Parallel.ForEach(File.ReadLines("file.txt"), (line, _, lineNumber) =>
{
    // your code here
});

edited Jun 19 '13 at 10:13

answered Jun 19 '13 at 10:05

dtb

213,145
36
401
431

I agree. The only thing I wanna add is that ReadLines enumerable should be partitioned. Because each parallel execution should be for something heavy. – ozgur May 19 '16 at 12:47
Something to keep in mind: Parallel.Foreach will spawn a bunch of 'workers', then wait until *all* of them are done and only then spawn the next bunch of workers. So if processing time per line can differ it'd be advisable to use Jake Drew's approach (producer/consumer pattern) – Steffen Winkler Jul 26 '16 at 12:06
Here can be thrown OutOfMemory Exception if the file is too large. – sinitram Jul 10 '17 at 13:44
2

https://dotnetfiddle.net/wX7VhA may be of interest @SteffenWinkler. Note that the 3rd item starts after the 1st ends - not after the 2nd ends. I am not convinced your bunching concern is valid. – mjwills Aug 24 '18 at 10:56
2

@mjwills Huh, after some further playing around/testing I have to agree with you. My initial observation must have been a coincidence or I didn't pay enough attention to what was going on. However, one thing I would like to note is that Parallel.Foreach seems to divide the list of entries into the amount of threads available and each thread executes a sublist. So thread 1 gets entries 1 - 20 and thread 2 gets entries 21 - 40 instead of just taking the next entry available. – Steffen Winkler Sep 12 '18 at 09:50
1

Yep, it does partition like that. https://stackoverflow.com/questions/5352491/ordered-plinq-forall/20929046#20929046 may be worth a read if you don't want that behaviour. – mjwills Sep 12 '18 at 09:53
1

Also consider removing your earlier (incorrect) comments. – mjwills Sep 12 '18 at 09:58
Small correction that may leads to error.

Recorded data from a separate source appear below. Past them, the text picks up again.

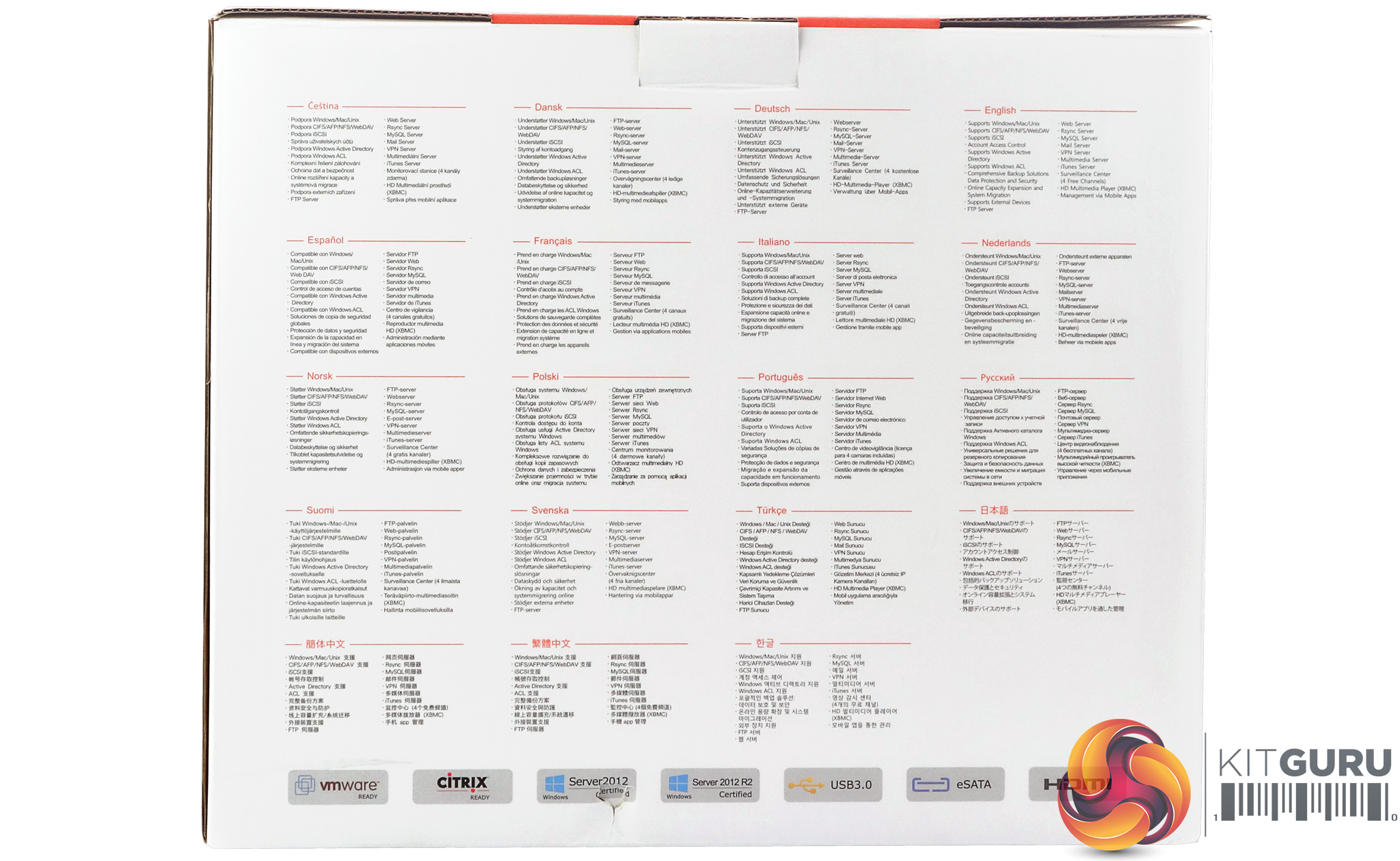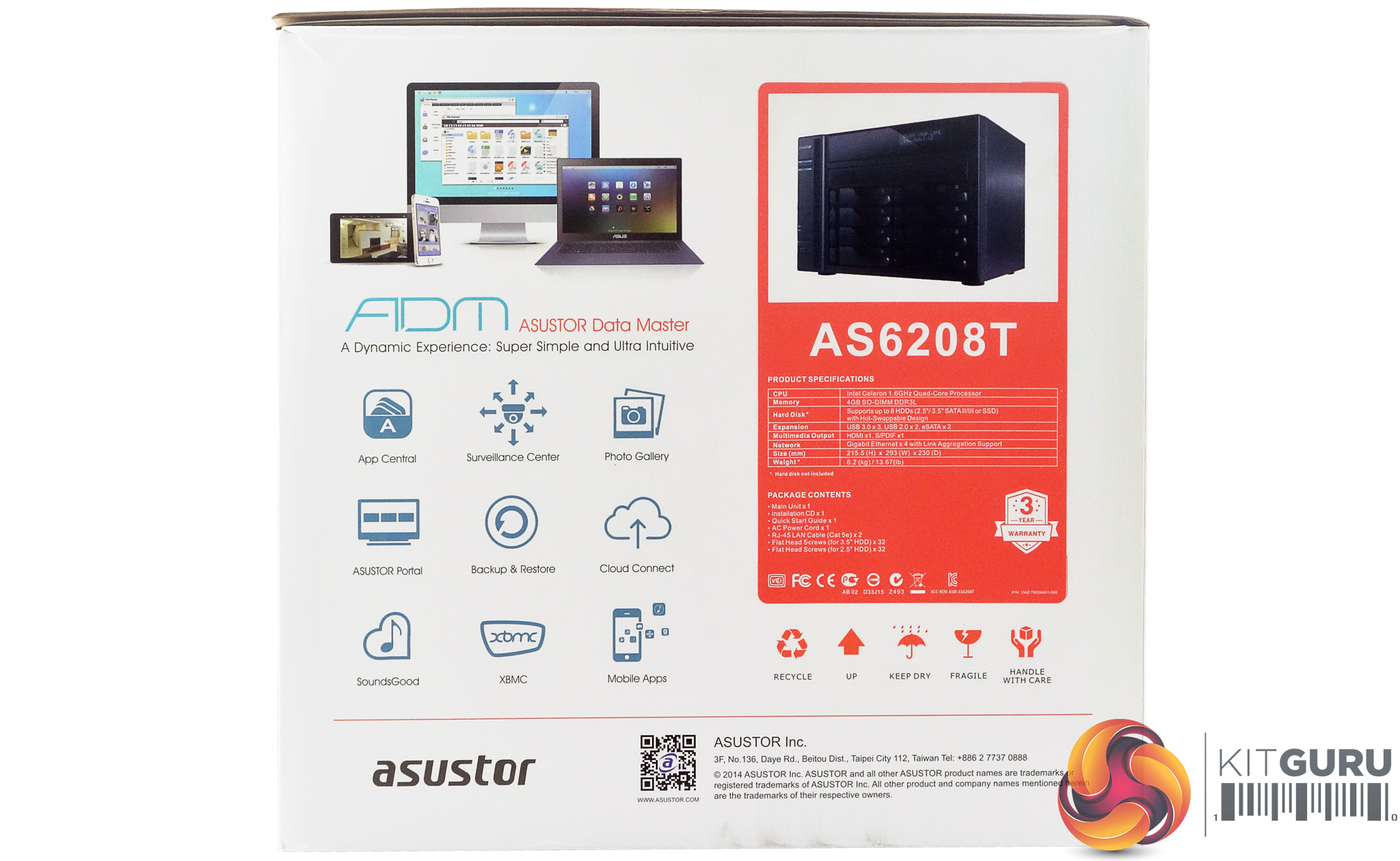 The other box side displays a more detailed specification box for the AS6208T and a list of what is the box. There's also a graphic of some of the ADM (Asustor Data Master) OS features.
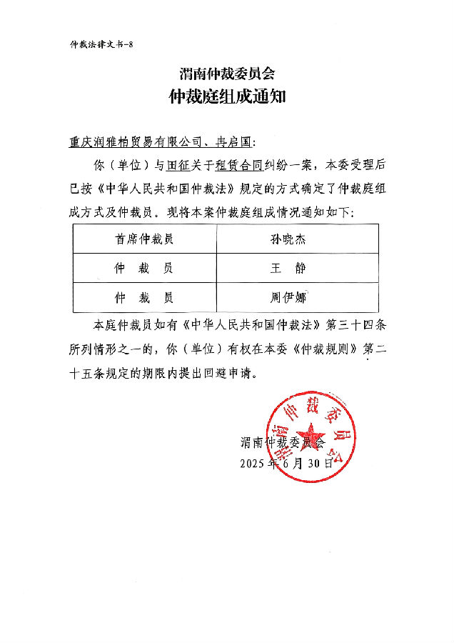 重慶潤雅柏貿(mào)易有限公司、冉啟國與田征租賃合同糾紛案公告
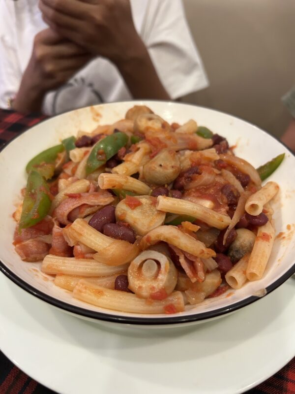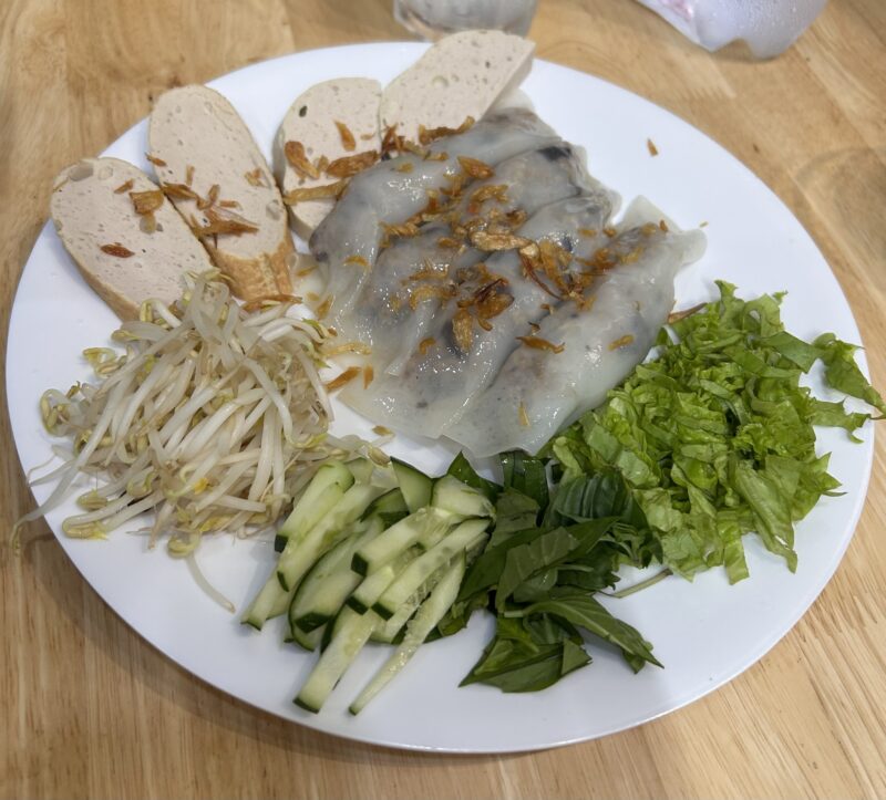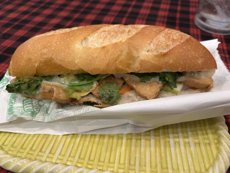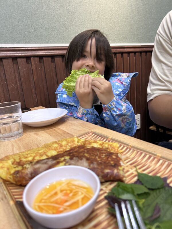 Once back across the big street, we found a restaurant and ordered some lunch. I ordered the vegetarian banh mi, because I still have a fear of stringy meat getting stuck between my teeth. Joe ordered the pork banh mi, and the girls ordered a bacon veggie tomato pasta to share.

The third parameter of the lambda function (body) should be called "readingIndex". As human, the first line is numbered 1 and not 0, but as programmer, we are used to have the first element index of an array to be 0 (although it can differ, but nowadays pretty rare). – Master DJon Feb 17 '22 at 13:53

Jake Drew · Answer 2 · 2014-10-10T05:51:32.610

After performing my own benchmarks for loading 61,277,203 lines into memory and shoving values into a Dictionary / ConcurrentDictionary() the results seem to support @dtb's answer above that using the following approach is the fastest:

Parallel.ForEach(File.ReadLines(catalogPath), line =>
{

});

My tests also showed the following:

File.ReadAllLines() and File.ReadAllLines().AsParallel() appear to run at almost exactly the same speed on a file of this size. Looking at my CPU activity, it appears they both seem to use two out of my 8 cores?
Reading all the data first using File.ReadAllLines() appears to be much slower than using File.ReadLines() in a Parallel.ForEach() loop.
I also tried a producer / consumer or MapReduce style pattern where one thread was used to read the data and a second thread was used to process it. This also did not seem to outperform the simple pattern above.

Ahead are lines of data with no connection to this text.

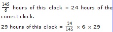 29 hours of this clock = 28 hours 48 minute of the correct clock.
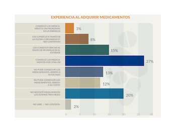 El acceso a medicamentos es igualmente limitado: solo el 3% consigue medicinas en las farmacias estatales, el 13% no puede adquirirlas por la escasez y el 12% por su alto costo. El 15% recurre a envíos familiares desde el exterior y el 8% a organizaciones caritativas.
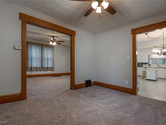 Fabulous location in the heart of North Canton. This charming two story, built in 1905, has approximately 1440 square feet with gorgeous woodwork. Enter through the large screened-in front porch and view the neutral décor throughout. This home boasts a large open eat-in kitchen with tons of natural light. Convenient first floor laundry, with three bedrooms upstairs. Enjoy the awesome deck overlooking a private backyard. Quick access to walk to the parks, school, and downtown. Great starter home, being sold as is.
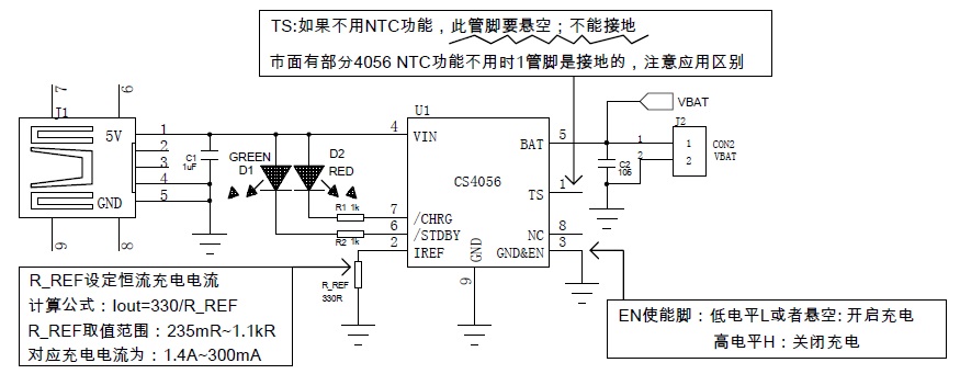 | CS4056 帶OVP過壓保護的1.4A線性單節(jié)鋰電充電管理IC應用參看 |
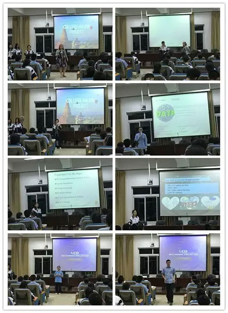 那么我们AP中心的同学们除了学习,还做什么呢?升学老师Miss Caitlin今晚就带着她的学生来到了现场。同学们会在与他们朝夕相处三年的驻校升学老师的指导和规划下参加课外活动、申请暑校、进行大学以及专业的资料搜索。AP同学向在座的初三学弟学妹们分享了他们在课程中心学习和生活的心路历程,让我们看到了他们的成长与变化。选择不同的路,有不一样的风景和经历。
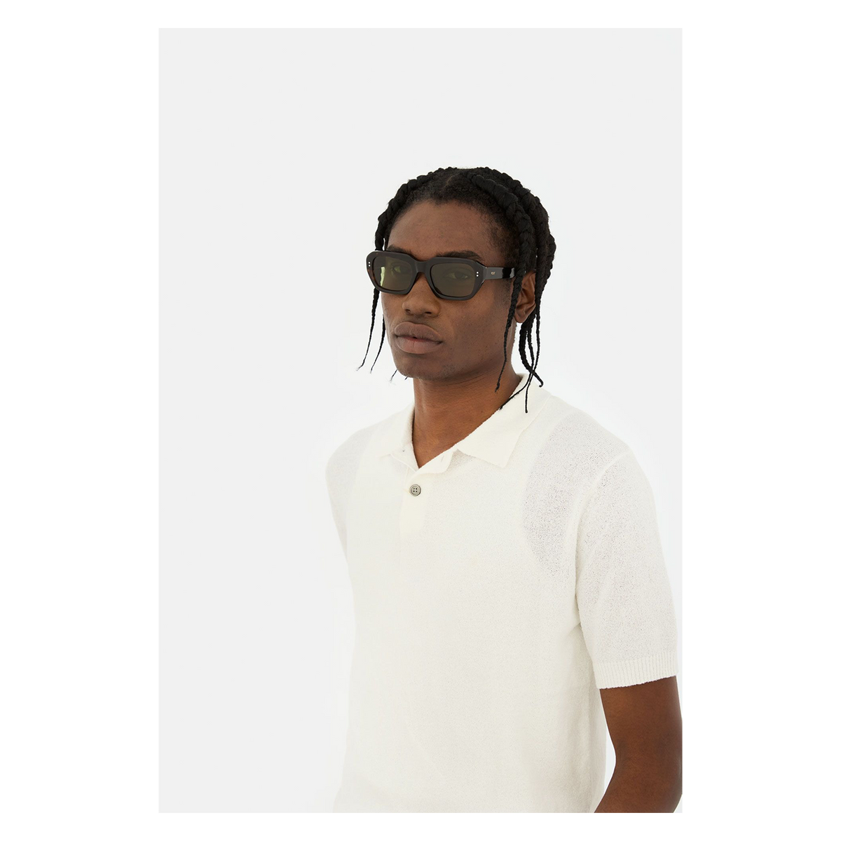 The oversized sturdy rims of the Miles model immediately attract attention. Inspired by the legendary talent of the "space age" era jazz musician, with a unisex silhouette, minimalistic branding, precious metal hardware and distinctive approach, further underlined by a temple that grows tapered from thick.

I have included an example of this pattern for reference, since it is not included on this page:

var inputLines = new BlockingCollection<string>();
ConcurrentDictionary<int, int> catalog = new ConcurrentDictionary<int, int>();

var readLines = Task.Factory.StartNew(() =>
{
    foreach (var line in File.ReadLines(catalogPath)) 
        inputLines.Add(line);

        inputLines.CompleteAdding(); 
});

var processLines = Task.Factory.StartNew(() =>
{
    Parallel.ForEach(inputLines.GetConsumingEnumerable(), line =>
    {
        string[] lineFields = line.Split('\t');
        int genomicId = int.Parse(lineFields[3]);
        int taxId = int.Parse(lineFields[0]);
        catalog.TryAdd(genomicId, taxId);   
    });
});

Task.WaitAll(readLines, processLines);

Here are my benchmarks:

enter image description here

I suspect that under certain processing conditions, the producer / consumer pattern might outperform the simple Parallel.ForEach(File.ReadLines()) pattern. However, it did not in this situation.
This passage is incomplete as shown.